The approach combines two layers. The hardware layer: Ahead's full-body MRI, a radiation-free scan that checks for abnormalities across the entire body in a single session, covering organ systems that have no dedicated screening programmes under standard Swiss care. The software layer: advanced blood panels measuring 80+ biomarkers linked to cancer and cardiovascular risk, inflammation, organ function, and metabolic health. The two layers complement each other and may detect what the other might miss. You can see the full list of conditions Ahead screens for on the what we detect page.
The combination of imaging and blood data gives a picture substantially more complete than either alone.
Ahead Advanced (CHF 2,490) covers full-body MRI plus an 80+ biomarker blood panel, gender-specific screening (prostate or ovaries), and MRI-based body composition. For a broader baseline that includes brain analysis, hips and knee screening, vitamin and hormonal blood panels, Ahead Pro (CHF 3,549) extends the assessment further. Every result is reviewed by Swiss board-certified physicians, supported by AI-assisted analysis.
Ahead's assessments complement your GP (“Hausarzt”) rather than replacing them. Results go to you and, if you choose, to your GP, giving your doctor the kind of detailed baseline data that standard care doesn't produce.
Supplementary health insurers may cover part of the cost. KPT, CSS, AXA, Visana and Atupri are all reimbursing part of the cost for Ahead Health services depending on their T&Cs, some with up to CHF 1,500. You can check how much you can get reimbursed and request a pro-forma invoice on our insurance page.

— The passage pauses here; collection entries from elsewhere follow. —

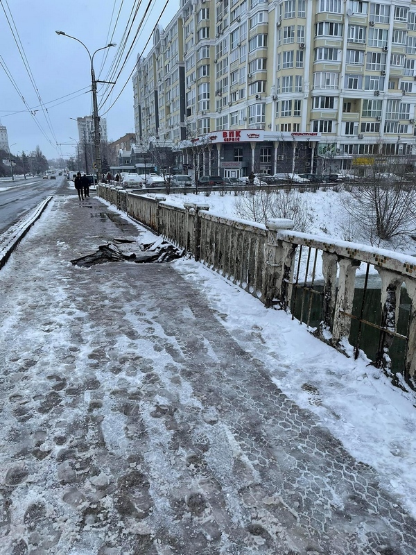 Зранку до Управління ЖКГ Чернігівської міської ради надійшло повідомлення про пошкодження пішохідної частини мосту через річку Стрижень по Проспекту Перемоги. Сталося це під час чищення та посипання тротуару.
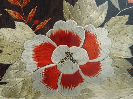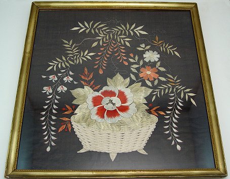 19TH C FOLK ART EMBROIDERY: Floral basket hand worked in silk threads on a black ground. Framed under glass. Unsigned. 18 1/4'' x 17 1/2'' overall. Gilt 3/4'' frame. No visible holes or rips.
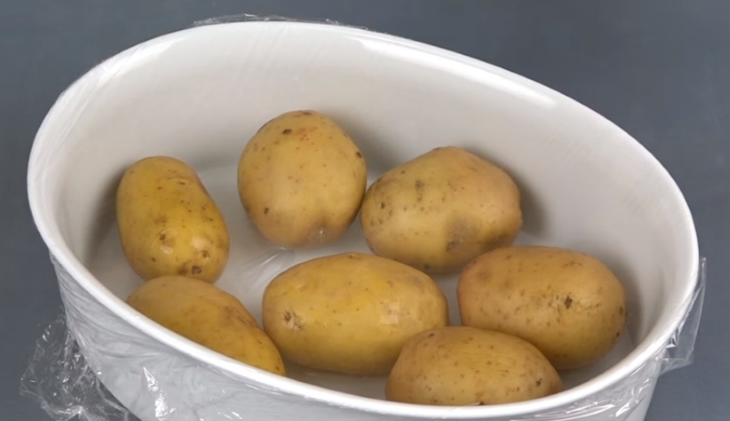 4. Umieść ziemniaki w kuchence mikrofalowej na 5-7 minut, wszystko zależy od wielkości ziemniaków. Wybierz maksymalną moc.
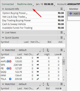 Contoh gambar tampilan ThinkOrSwim Real TimeÂ
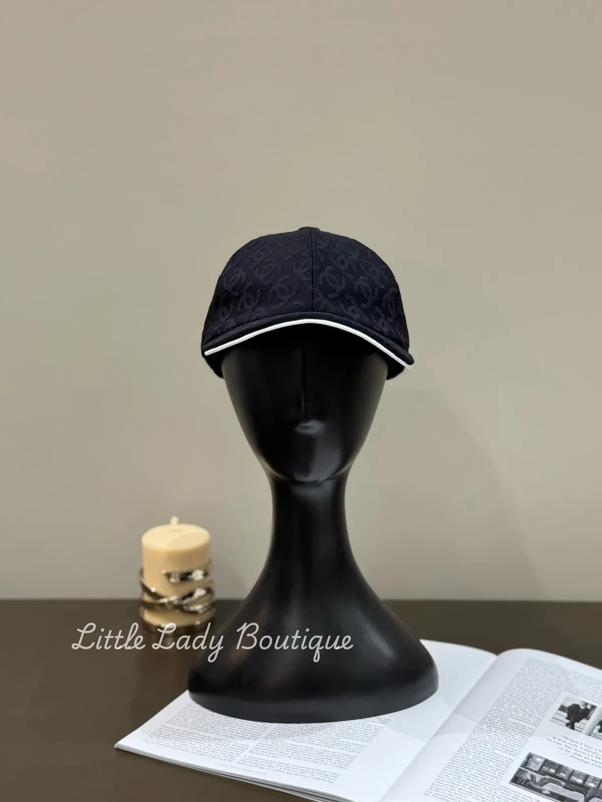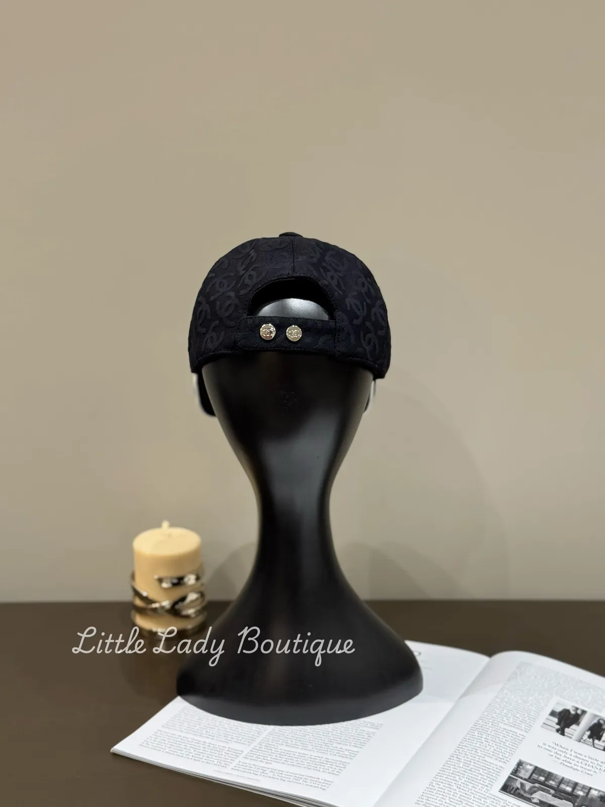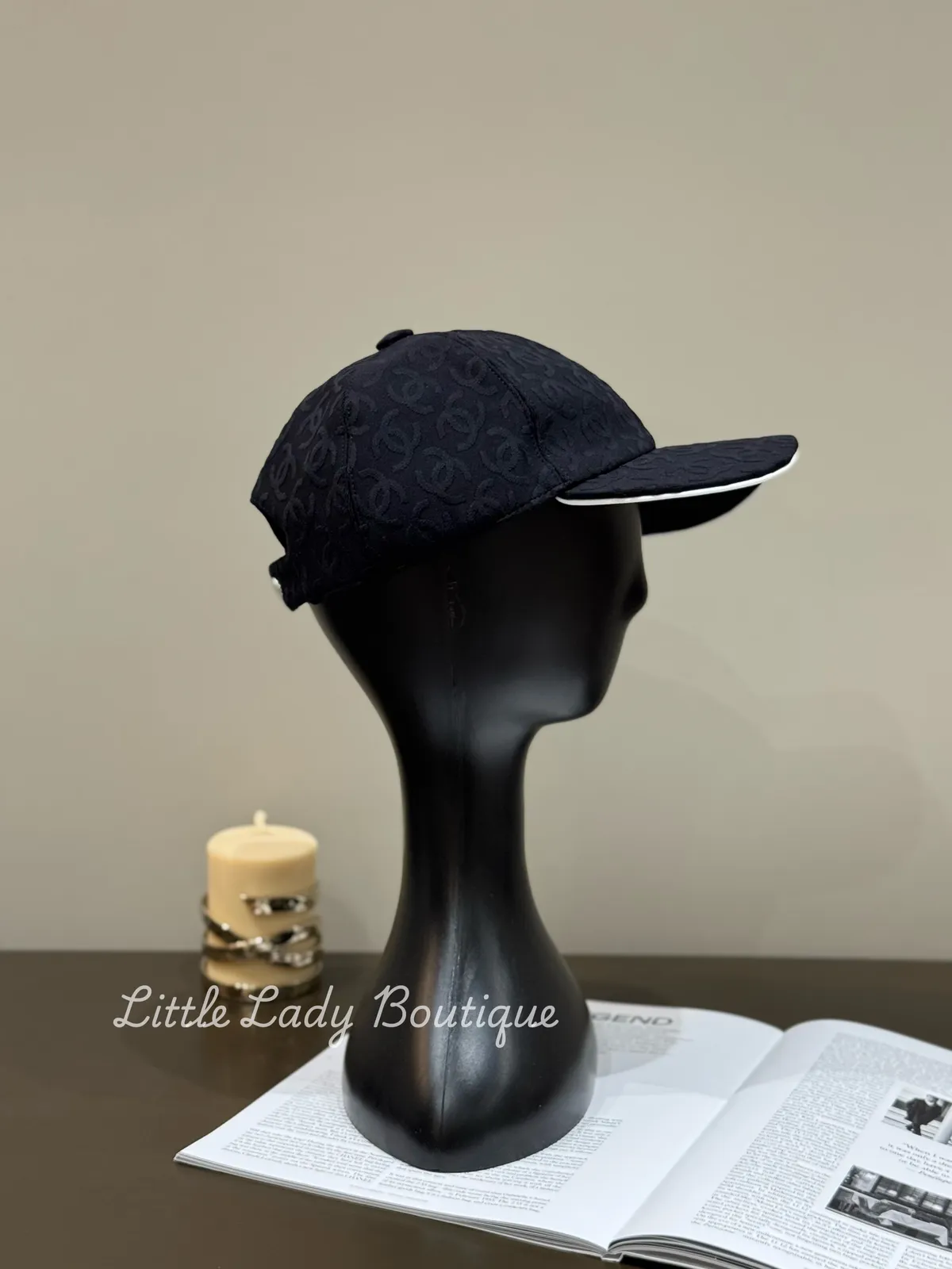 F號 CHANEL 黑色 滿版雙C刺繡 鴨舌帽 (後有2調節釦)
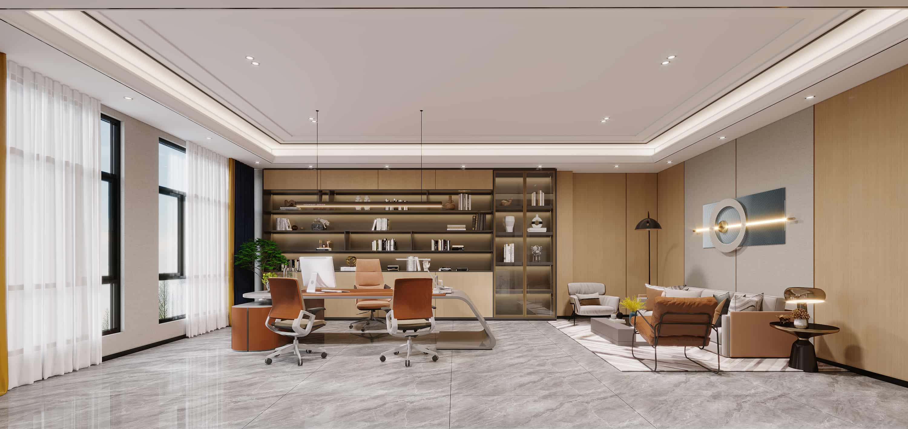 辦公室:采用米色與白色相結(jié)合的色調(diào),營(yíng)造出溫馨舒適的辦公環(huán)境。墻面的米色護(hù)墻板與地面的灰色大理石形成和諧搭配,天花板的燈帶設(shè)計(jì)簡(jiǎn)潔大方,提供了充足的照明。辦公桌椅造型現(xiàn)代,色彩與整體空間相呼應(yīng),書(shū)架上的書(shū)籍和裝飾品增添了文化氣息與生活質(zhì)感。窗邊的窗簾可調(diào)節(jié)光線,保證辦公環(huán)境的舒適性。
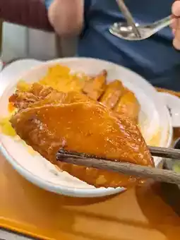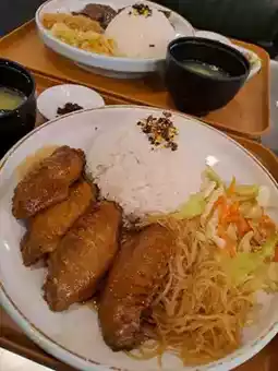 The braised chicken wings are large, with four pieces. The skin is smooth and crispy, and the meat is thick and flavorful, absorbing the braised sauce well. The salty and sweet flavors are well-balanced. It also comes with shredded chicken snacks and kelp soup. The rice is soft and smooth, and mixing it with the braised sauce makes it even more delicious.
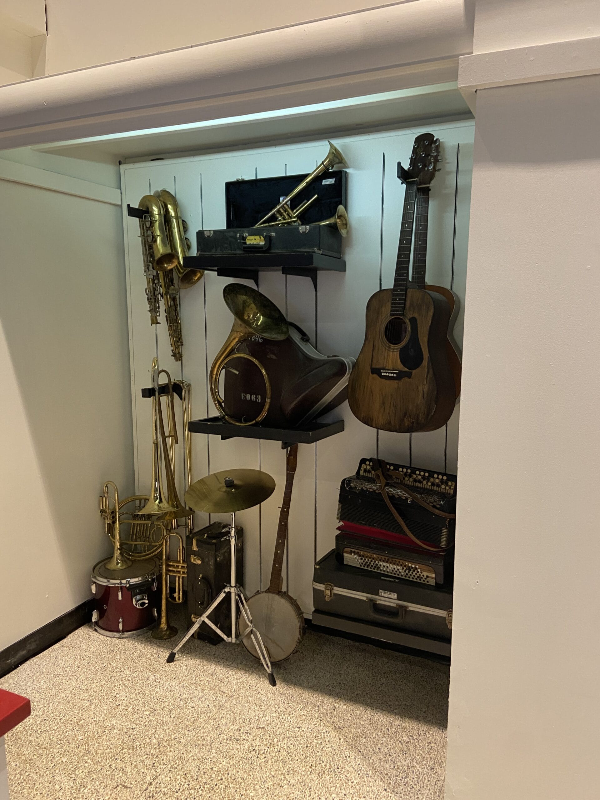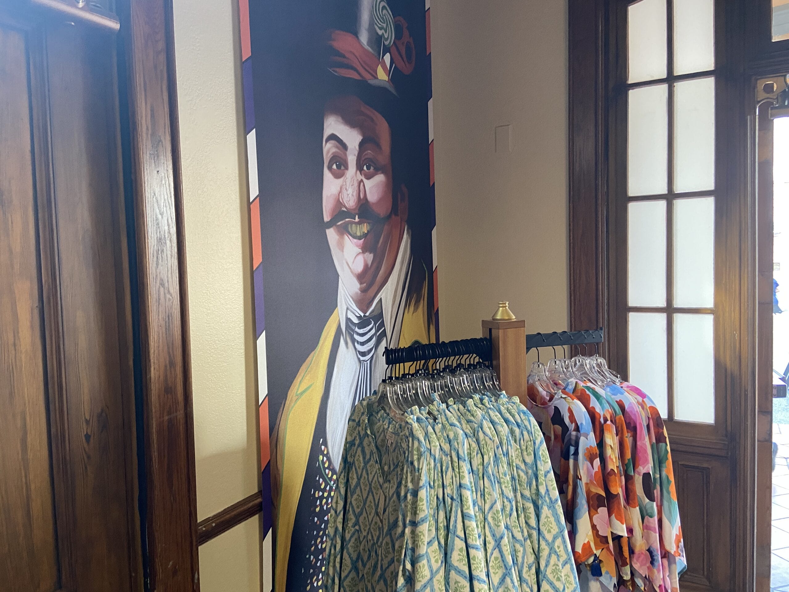 Behind one set of checkout counters are instruments, seemingly from the Mardi Gras Tribute Store.
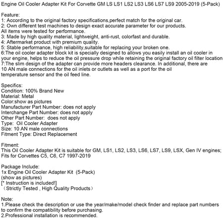 Motorölkühler-Adapter-Kit für Corvette GM LS LS1 LS2 LS3 LS6 LS7 LS9 2005–2019 (5er-Pack)
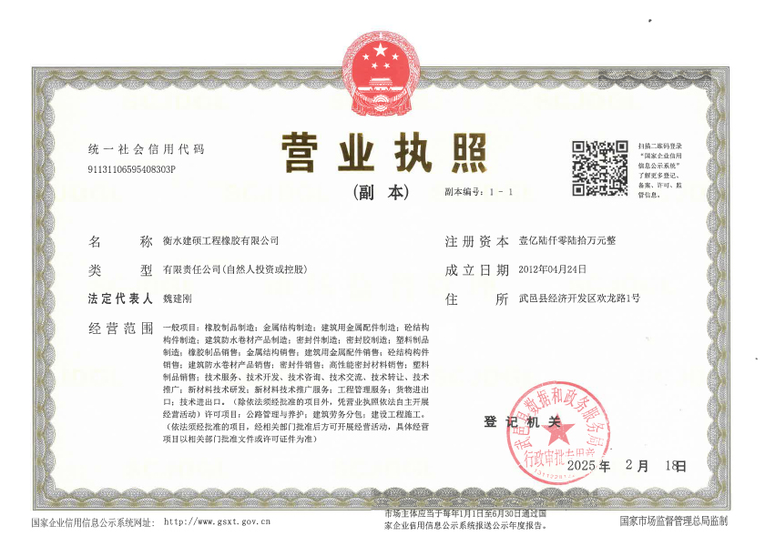 衡水建碩工程橡膠有限公司座落于衡水市濱湖新區,占地面積50000平方米,注冊資金壹億零捌拾萬元整,是生產橡膠支座、盆式支座、充氣芯模、伸縮裝置、止水帶的專業廠家。公司始建于九十年代,經過近二十年的發展壯大,現有員工300多人,其中高級技術人員45人,高級技工103人。
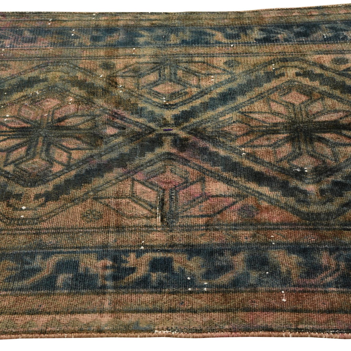 This Persian Ultra Vintage rug is an antique Persian Rug that has been washed, over-dyed, and then shaved down to a low pile. Look at the detail pictures to fully appreciate the uniqueness of this piece.

Finding potential issues when they are small and manageable is the best time to find them. That is the point of screening.
Conclusion
The sustained fall in cancer mortality across Europe and globally since the 1990s is one of medicine's biggest achievements. It was built on lifestyle changes (including reduced smoking), broader screening, and improved treatment – all pulling in the same direction. The next gains will come from moving detection earlier still: closing the gap between Stage 4 diagnoses and Stage 1 ones. Whole-body imaging and multi-cancer blood tests exist to help make that shift. The question is whether people use them before symptoms arrive.